Community Strategy Insights

The latest insights on community strategy, technology, and value by FeverBee’s founder, Richard Millington

Session Data Is Worthless For Measuring Community

Richard Millington
Richard Millington

Founder of FeverBee

A session is the duration of a visit to your website/community. If you leave and come back later, that counts as a new session.

I’ve noticed a couple of organisations recently trying to measure communities by tracking session data. i.e. do people make a purchase or cancel their service after visiting the community?

This is a terrible way to measure value.

In a recent example, a customer asked the community how to cancel a service. The community did its job and provided an answer. The response was so good that it soon became one of the most visited posts in the community (thanks Google!). But on the stats this shows the community is now causing people to cancel!
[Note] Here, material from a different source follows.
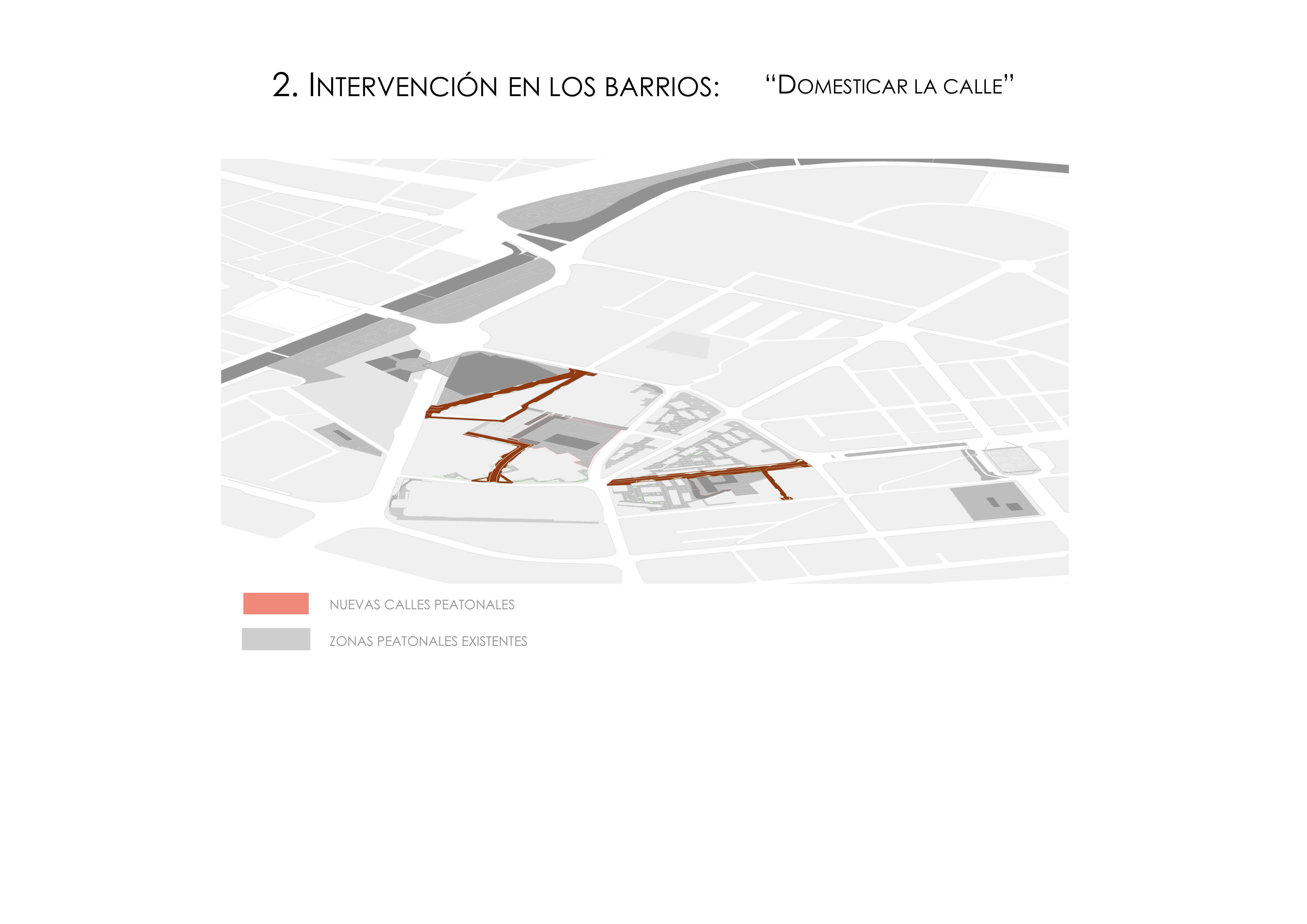 Se trata de acercar el río y sus actividades a los barrios cercanos del distrito Zaidín. Para ello transformamos los colegios públicos Parque de las Infantas y Andrés Segovia en focos de actividad, creando un eje de vida que termina en el río. En segundo lugar, creamos barrios-jardín en torno a estos colegios donde los niños puedan jugar libremente, sin preocuparse por el tráfico. Por último, creamos nodos que conectan todos los barrios-jardín entre si y con el río, mediante mobiliario que abstrae los elementos del concepto "descansar junto al río"

That’s the problem with session data. Session data attributes the outcome to the last action in the chain of events before that outcome. This is a lot like attributing sales at a restaurant to the menu.

Not many people make a snap decision to cancel/buy a service because of a single experience on a single visit.

To really estimate value you need to build a dataset with a broader set of variables. This is likely to (at least) include:

  • Member ID
  • Community participant? (yes/no)
  • Date of community registration
  • Date of first post
  • Date of last post
  • No. visits/logins to community
  • No. posts
  • No. topics
  • Date of subscription (customer)
  • Date of cancellation (customer)

Once you have this your data team can run an analysis (or you can get help) and start building a meaningful picture and range of the community’s impact.

This won’t give you causational data, but it’s a start.